#### [Task to complete]
In the entries below, begin at the line that has "近日,2022年福建省科普作", stop after the line that has "Geef je interieur", and output those lines exactly with no pictures.

── Material for this exercise ──

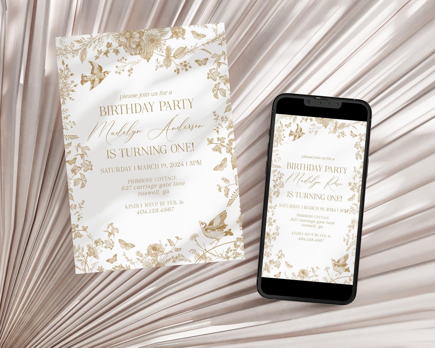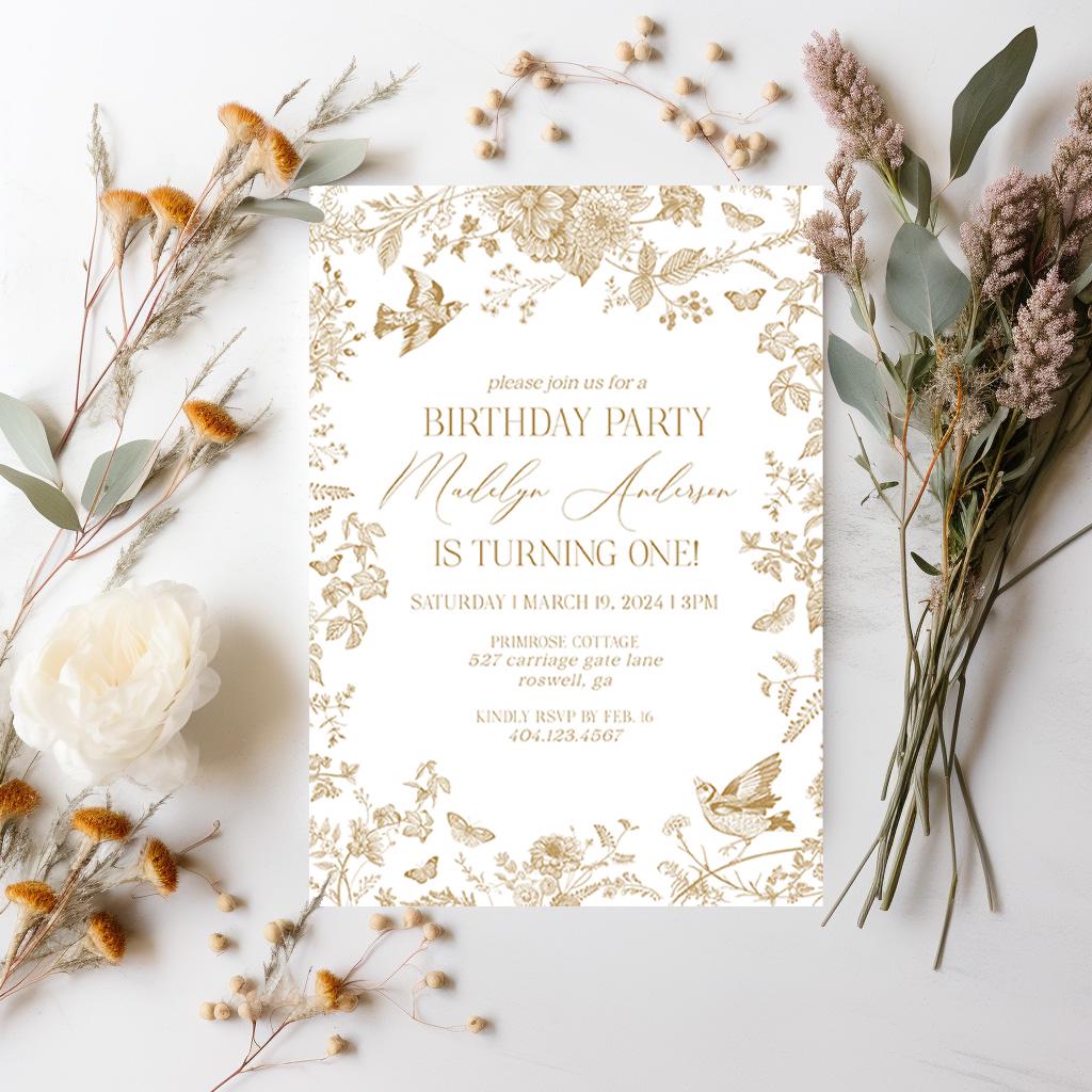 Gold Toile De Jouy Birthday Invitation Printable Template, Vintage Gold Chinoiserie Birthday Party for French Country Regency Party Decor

───
── Material for this exercise ──

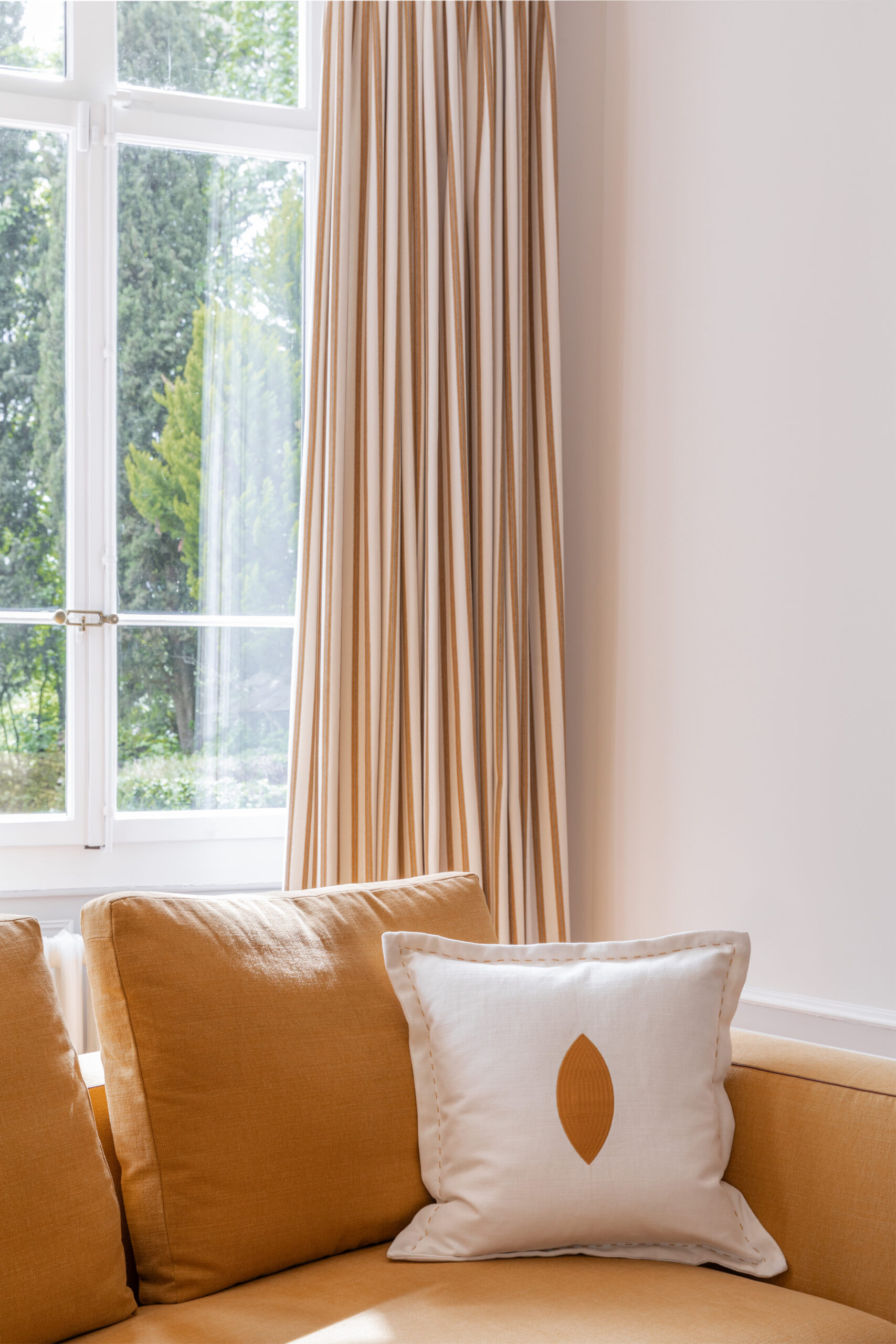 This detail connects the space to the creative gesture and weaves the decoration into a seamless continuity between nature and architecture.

───
── Material for this exercise ──

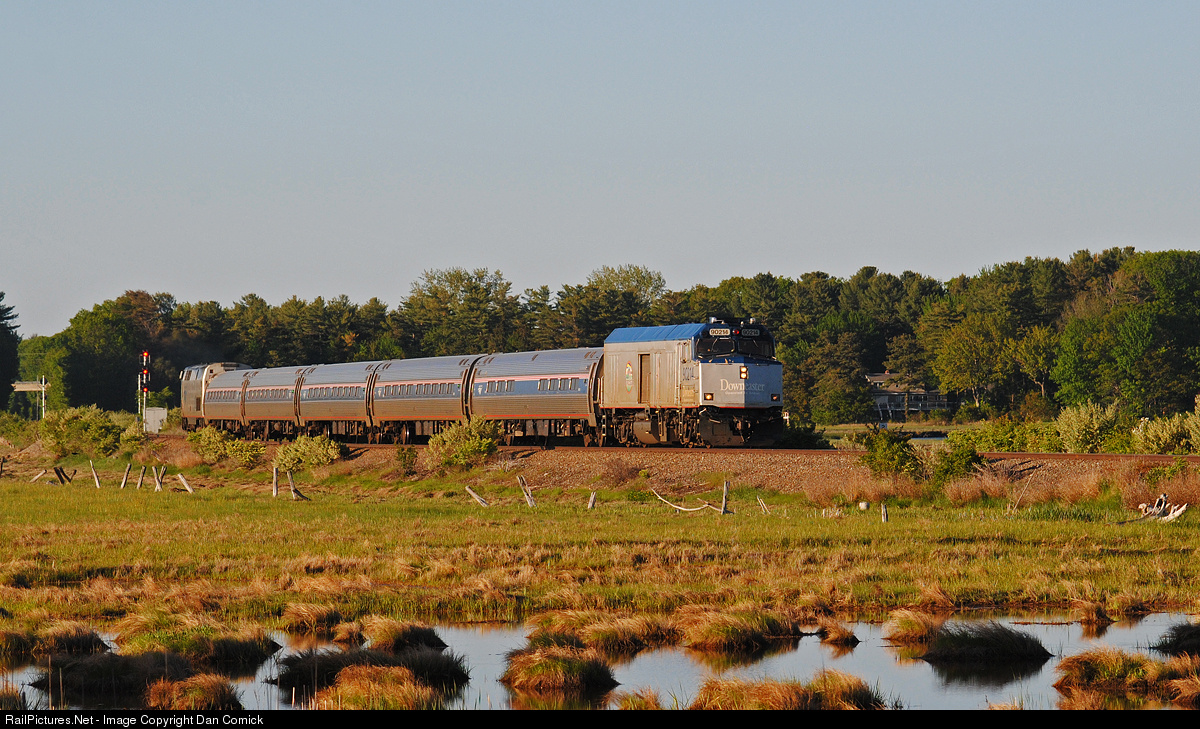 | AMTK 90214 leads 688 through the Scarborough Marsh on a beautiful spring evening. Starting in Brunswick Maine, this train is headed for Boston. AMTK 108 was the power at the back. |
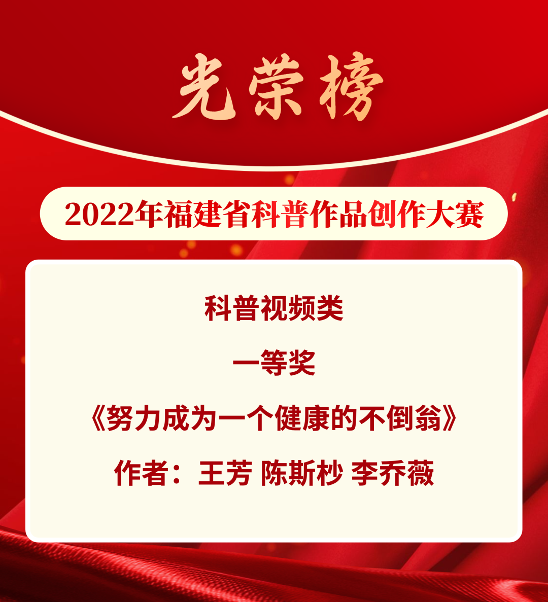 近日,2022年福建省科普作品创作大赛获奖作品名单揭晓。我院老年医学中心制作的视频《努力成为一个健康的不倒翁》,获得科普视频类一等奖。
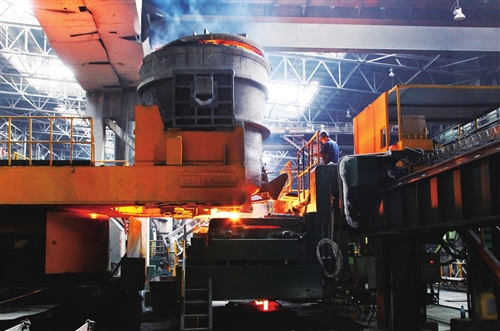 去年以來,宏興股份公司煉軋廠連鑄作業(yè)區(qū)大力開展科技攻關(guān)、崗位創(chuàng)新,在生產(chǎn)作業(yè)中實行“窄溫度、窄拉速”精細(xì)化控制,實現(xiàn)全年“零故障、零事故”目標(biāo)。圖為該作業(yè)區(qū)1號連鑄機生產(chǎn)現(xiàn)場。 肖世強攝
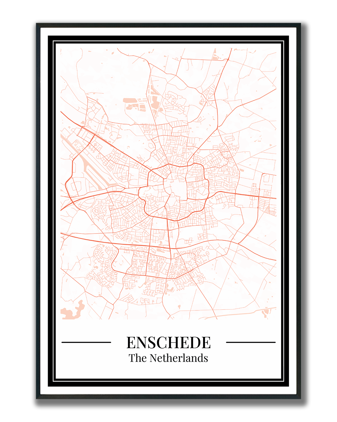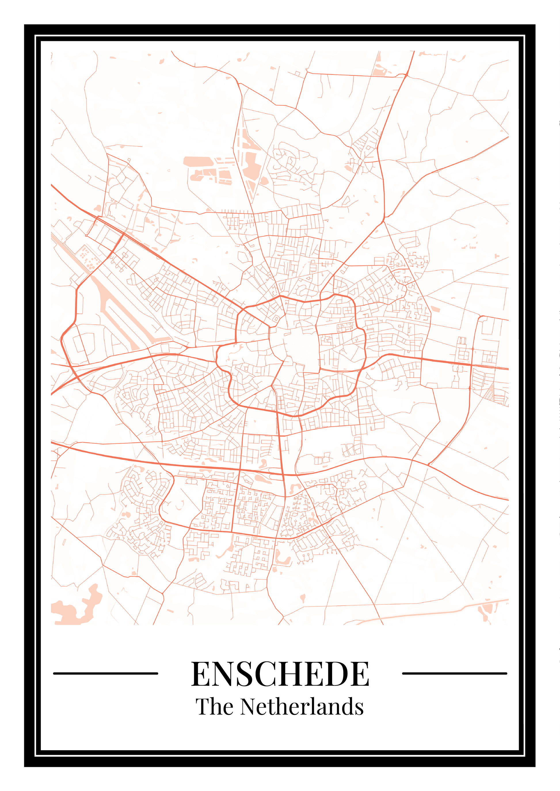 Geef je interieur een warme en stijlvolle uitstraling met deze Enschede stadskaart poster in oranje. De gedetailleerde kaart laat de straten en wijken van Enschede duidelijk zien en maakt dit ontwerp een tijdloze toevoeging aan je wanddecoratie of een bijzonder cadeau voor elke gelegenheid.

───

#### [Response to this exercise]
 近日,2022年福建省科普作品创作大赛获奖作品名单揭晓。我院老年医学中心制作的视频《努力成为一个健康的不倒翁》,获得科普视频类一等奖。
 去年以來,宏興股份公司煉軋廠連鑄作業(yè)區(qū)大力開展科技攻關(guān)、崗位創(chuàng)新,在生產(chǎn)作業(yè)中實行“窄溫度、窄拉速”精細(xì)化控制,實現(xiàn)全年“零故障、零事故”目標(biāo)。圖為該作業(yè)區(qū)1號連鑄機生產(chǎn)現(xiàn)場。 肖世強攝
 Geef je interieur een warme en stijlvolle uitstraling met deze Enschede stadskaart poster in oranje. De gedetailleerde kaart laat de straten en wijken van Enschede duidelijk zien en maakt dit ontwerp een tijdloze toevoeging aan je wanddecoratie of een bijzonder cadeau voor elke gelegenheid.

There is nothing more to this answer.